The mystic power comes from Paul Ferguson – the astonishing drummer whose constantly impressive patterns lead in so many of the songs. A powerful drummer, his thunderous Valkyrie drumming is something to behold – it sounds enormous and is constantly playing with all the different variations of tribal pounding the toms around the constant kick drum – the dance floor groove and power of Killing Joke is right here.

The four of them together create this unique strange voodoo – a weird primitive force. 

The set leans on many of the older standards like Love Like Blood, the Wait, Pssyche, Requiem and Change and the high points peppered through their long and curious history like the Death And Resurrection Show and recent cuts like the great and telling I Am The Virus but in Killing Joke’s cased this kinda works as these slabs of sound are totemic and still feel like the future. Giant anthems from over the decades that are etched into the gathering’s heart and soul. Heads bob back and forth as the audience locks into their groove whilst some daring older gents are in the mosh pit – their bodies will be regretting this physical assault and action the morning after.
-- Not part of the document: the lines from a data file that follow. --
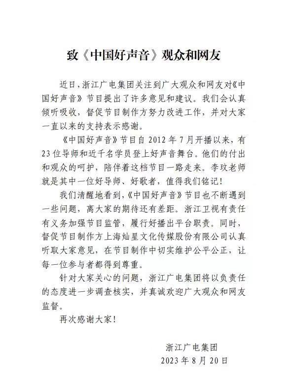 8月20日晚,浙江广电发文回应观众对《中国好声音》栏目的质疑。称将对节目组进行调查,维护公平公正。还不忘夸赞COCO两句,称李玟是一位好导师,好歌者,值得铭记。
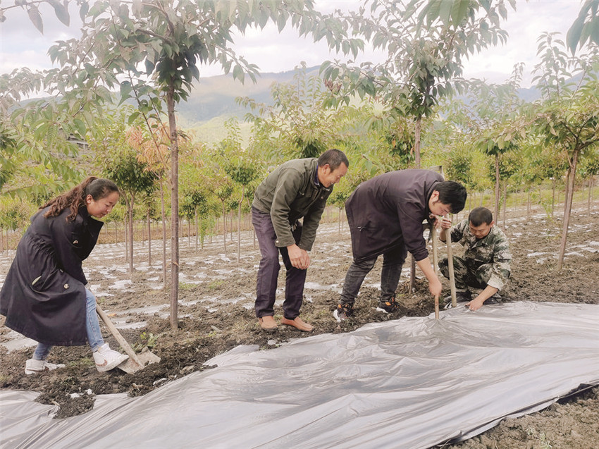 “大家記到哈,土地要平整,地膜要平整覆蓋,每一行只種4棵?!甭櫳昝鞒吨ぷ訉φ诜N植芍藥的村民說。
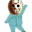 Jsonson Jammies character wearing a Jason Voorhees mask and blue pajamas, doing a funny dance.
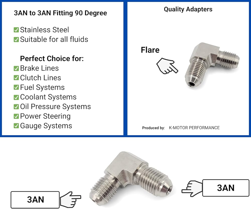 3AN to 3AN Male Fitting Adapter - 90 Degree (Steel)
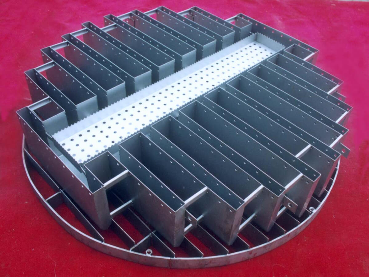 槽式液体分布器分为二级槽式液体分布器及单级槽式液体分布器,槽式液体分布器为重力型液体分布器,由于它靠液位(重力)分布液体,易于达到液体分布均匀及操作稳定等要求,具有操作弹性大,分布均匀度高等优点。
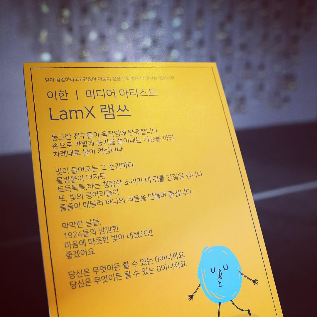 The unique artwork, LamX by Han Lee has been invited and successfully installed and performed for the event at COEX in Seoul. The event was a commercial exhibition for SK Telecom's latest culture brand '0' Young 영 to show off what the brand contains itself.
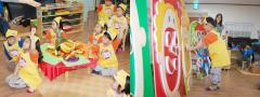 노란 과일 파인애플을 잘라 화분에 쏙쏙!! “ 우린 함께 도와가면서 해요.”라며 열심히 서로 도와 가면서 하는 친구!!
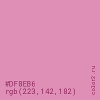 Цвет #DF8EB6 в цветовой модели RGB обозначается тремя октетами (223, 142, 182) в десятичном формате и #DF8EB6 в шестнадцатиричном (hex) формате, которые являются интенсивностью красного 223 (hex DF), интенсивность зелёного 142 (hex 8E) и интенсивность синего 182 (hex B6).

Killing Joke still breathes a fire dance into these decades-old songs, songs that make more sense as the world goes more insane. They still update this carrion catalogue with new anthems and the incoming new album have never felt more urgent or timely.

The madness that they embraced, the madness that they warned about, the madness that they dance to and the madness they turned into these twisted songs has never sounded more urgent or more current.

As Pandemonium ends the set with is huge wall of dark sound shivering into the high roof of the stunning Victoriana of the venue Killing Joke wander off the stage looking almost as surpassed as anyone in the room at how powerful their voodoo remains.